--- Records provided Enclosed Below ---

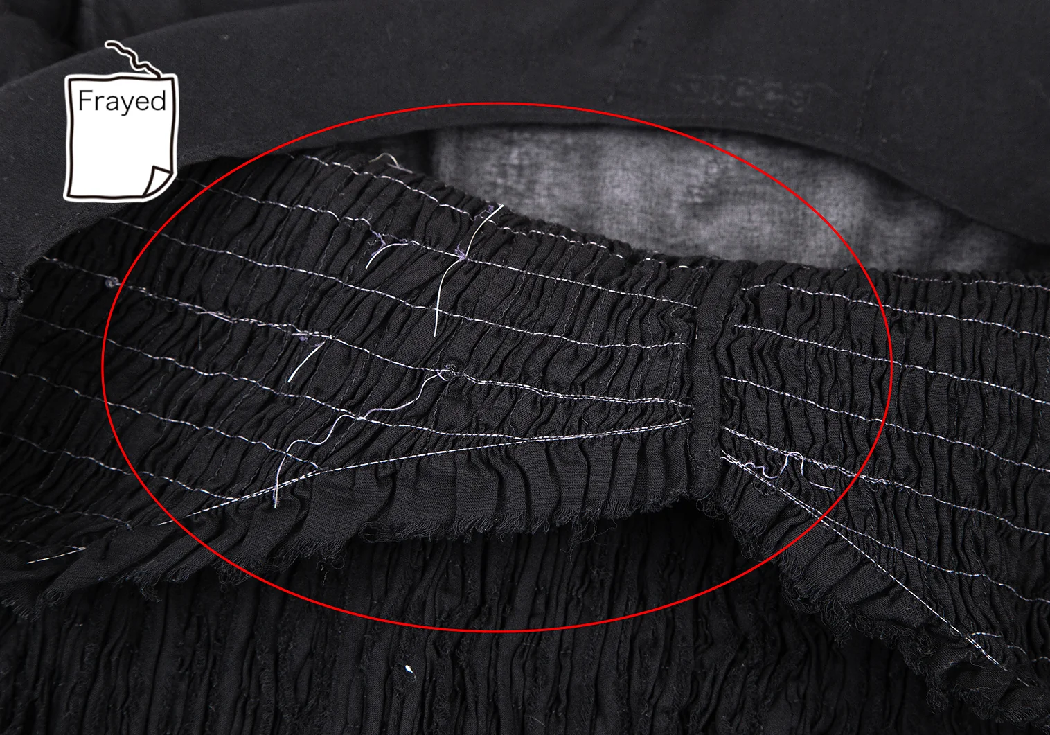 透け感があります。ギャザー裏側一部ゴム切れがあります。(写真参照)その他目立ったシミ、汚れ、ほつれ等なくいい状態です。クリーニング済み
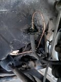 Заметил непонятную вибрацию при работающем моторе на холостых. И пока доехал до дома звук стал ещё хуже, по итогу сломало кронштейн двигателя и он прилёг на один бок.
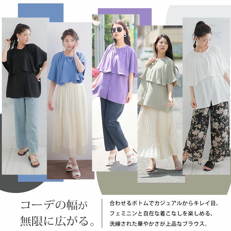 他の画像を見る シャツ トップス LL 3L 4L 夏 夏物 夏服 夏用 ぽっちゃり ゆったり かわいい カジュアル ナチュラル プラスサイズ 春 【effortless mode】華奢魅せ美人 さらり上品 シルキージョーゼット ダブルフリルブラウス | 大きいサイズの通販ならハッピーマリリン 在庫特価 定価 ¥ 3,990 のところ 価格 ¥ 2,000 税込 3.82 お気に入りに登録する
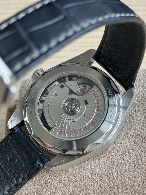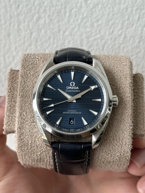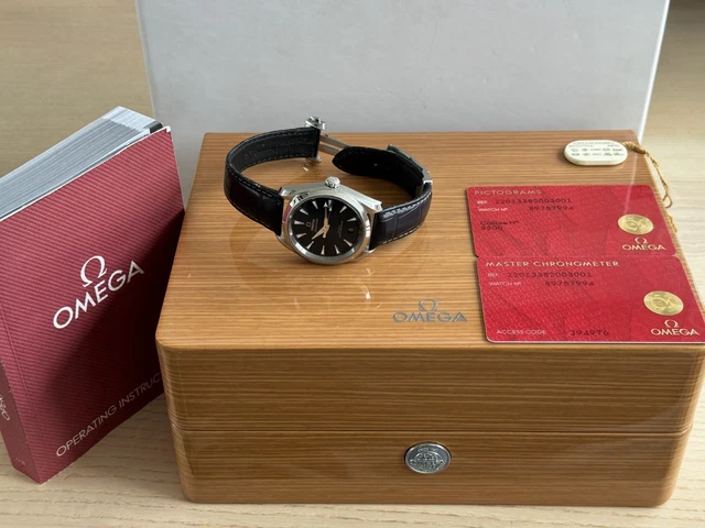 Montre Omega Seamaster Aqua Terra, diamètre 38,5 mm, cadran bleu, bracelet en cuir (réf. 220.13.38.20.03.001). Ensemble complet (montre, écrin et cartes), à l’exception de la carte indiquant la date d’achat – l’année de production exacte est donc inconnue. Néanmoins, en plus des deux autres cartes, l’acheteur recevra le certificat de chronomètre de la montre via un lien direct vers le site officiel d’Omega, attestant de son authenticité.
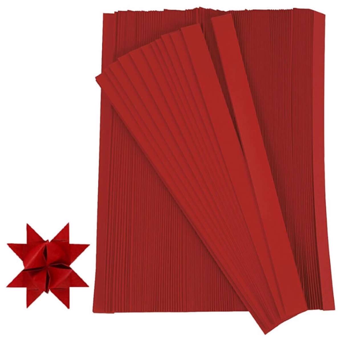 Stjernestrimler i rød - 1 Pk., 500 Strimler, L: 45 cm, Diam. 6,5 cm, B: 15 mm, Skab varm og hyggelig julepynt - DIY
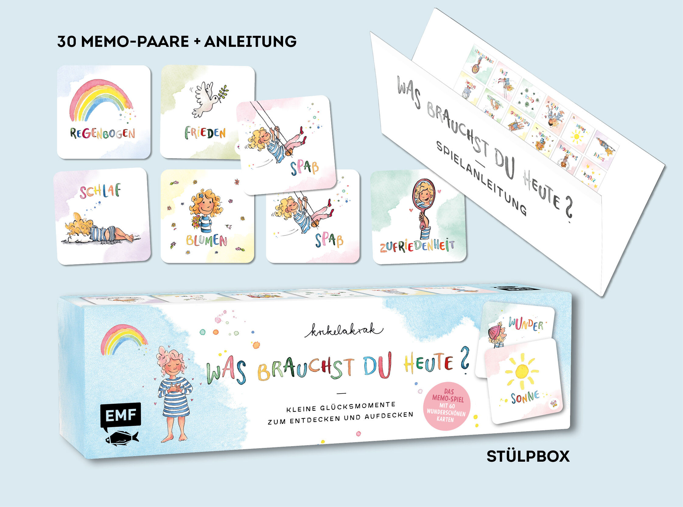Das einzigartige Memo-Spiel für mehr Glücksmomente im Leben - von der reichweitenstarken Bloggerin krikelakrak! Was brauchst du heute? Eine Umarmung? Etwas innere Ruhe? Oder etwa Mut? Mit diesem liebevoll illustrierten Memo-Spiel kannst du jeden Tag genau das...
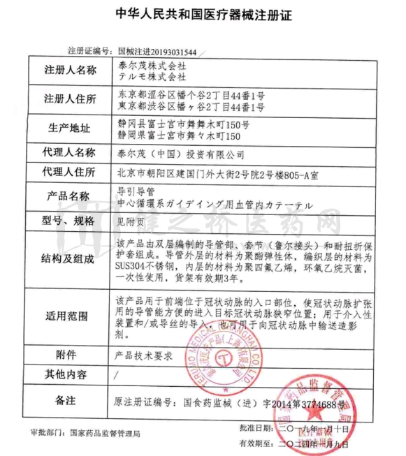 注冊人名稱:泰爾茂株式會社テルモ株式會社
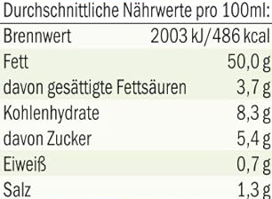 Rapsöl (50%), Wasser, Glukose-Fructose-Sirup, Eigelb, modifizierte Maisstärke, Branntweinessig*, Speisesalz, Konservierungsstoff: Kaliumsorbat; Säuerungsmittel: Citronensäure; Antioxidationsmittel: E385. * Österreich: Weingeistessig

--- End of Enclosed Records provided ---
--- Records provided Enclosed Below ---

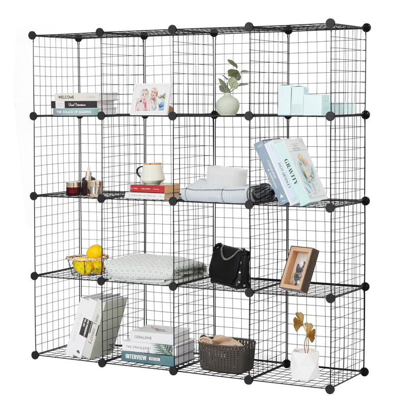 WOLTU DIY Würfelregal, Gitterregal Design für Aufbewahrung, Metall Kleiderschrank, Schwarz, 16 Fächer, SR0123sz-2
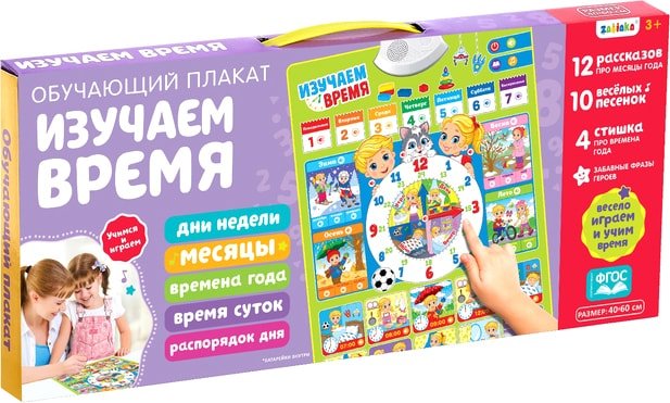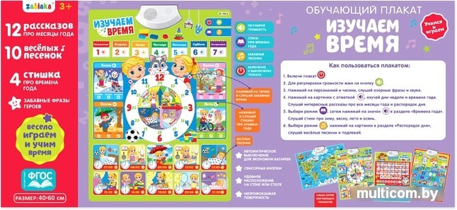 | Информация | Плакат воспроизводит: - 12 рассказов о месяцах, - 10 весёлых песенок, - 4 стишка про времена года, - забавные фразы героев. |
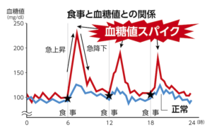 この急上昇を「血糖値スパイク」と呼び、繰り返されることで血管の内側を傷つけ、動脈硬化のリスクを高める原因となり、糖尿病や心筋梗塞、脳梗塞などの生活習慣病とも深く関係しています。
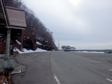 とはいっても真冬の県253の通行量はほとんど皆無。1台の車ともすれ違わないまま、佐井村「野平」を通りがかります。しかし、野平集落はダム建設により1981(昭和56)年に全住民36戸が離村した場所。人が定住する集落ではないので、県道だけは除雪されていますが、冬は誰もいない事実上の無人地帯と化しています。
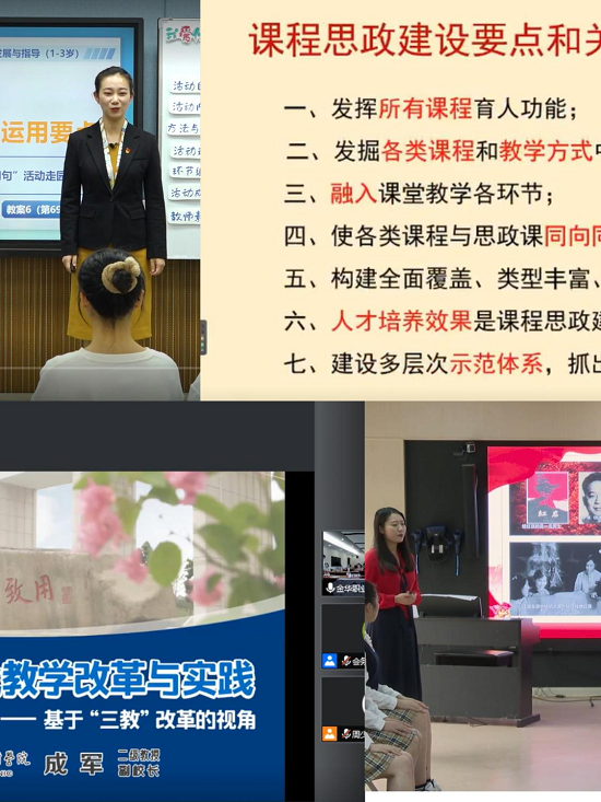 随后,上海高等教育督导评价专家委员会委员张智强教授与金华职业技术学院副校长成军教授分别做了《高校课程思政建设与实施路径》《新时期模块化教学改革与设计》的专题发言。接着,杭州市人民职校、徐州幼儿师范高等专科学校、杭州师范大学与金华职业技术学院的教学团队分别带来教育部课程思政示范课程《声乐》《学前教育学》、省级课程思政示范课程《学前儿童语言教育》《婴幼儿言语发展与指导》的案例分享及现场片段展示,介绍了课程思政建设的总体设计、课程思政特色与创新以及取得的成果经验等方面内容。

--- End of Enclosed Records provided ---
--- Records provided Enclosed Below ---

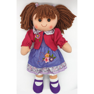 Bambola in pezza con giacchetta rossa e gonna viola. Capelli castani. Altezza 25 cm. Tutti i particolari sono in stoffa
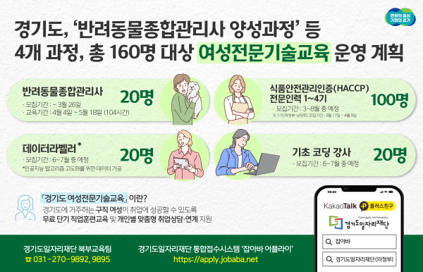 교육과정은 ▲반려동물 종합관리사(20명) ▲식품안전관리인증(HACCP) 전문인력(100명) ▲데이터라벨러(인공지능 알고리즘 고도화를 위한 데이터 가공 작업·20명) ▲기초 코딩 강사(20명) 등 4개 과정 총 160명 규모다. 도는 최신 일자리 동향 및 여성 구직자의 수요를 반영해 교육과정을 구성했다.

--- End of Enclosed Records provided ---

- [Exercise prompt]: The reply should hold the entries above from the line with "他の画像を見る シャツ トップス" to the line with "Stjernestrimler i rød", duplicated exactly, pictures excluded.

- [Result below]:
 他の画像を見る シャツ トップス LL 3L 4L 夏 夏物 夏服 夏用 ぽっちゃり ゆったり かわいい カジュアル ナチュラル プラスサイズ 春 【effortless mode】華奢魅せ美人 さらり上品 シルキージョーゼット ダブルフリルブラウス | 大きいサイズの通販ならハッピーマリリン 在庫特価 定価 ¥ 3,990 のところ 価格 ¥ 2,000 税込 3.82 お気に入りに登録する
 Montre Omega Seamaster Aqua Terra, diamètre 38,5 mm, cadran bleu, bracelet en cuir (réf. 220.13.38.20.03.001). Ensemble complet (montre, écrin et cartes), à l’exception de la carte indiquant la date d’achat – l’année de production exacte est donc inconnue. Néanmoins, en plus des deux autres cartes, l’acheteur recevra le certificat de chronomètre de la montre via un lien direct vers le site officiel d’Omega, attestant de son authenticité.
 Stjernestrimler i rød - 1 Pk., 500 Strimler, L: 45 cm, Diam. 6,5 cm, B: 15 mm, Skab varm og hyggelig julepynt - DIY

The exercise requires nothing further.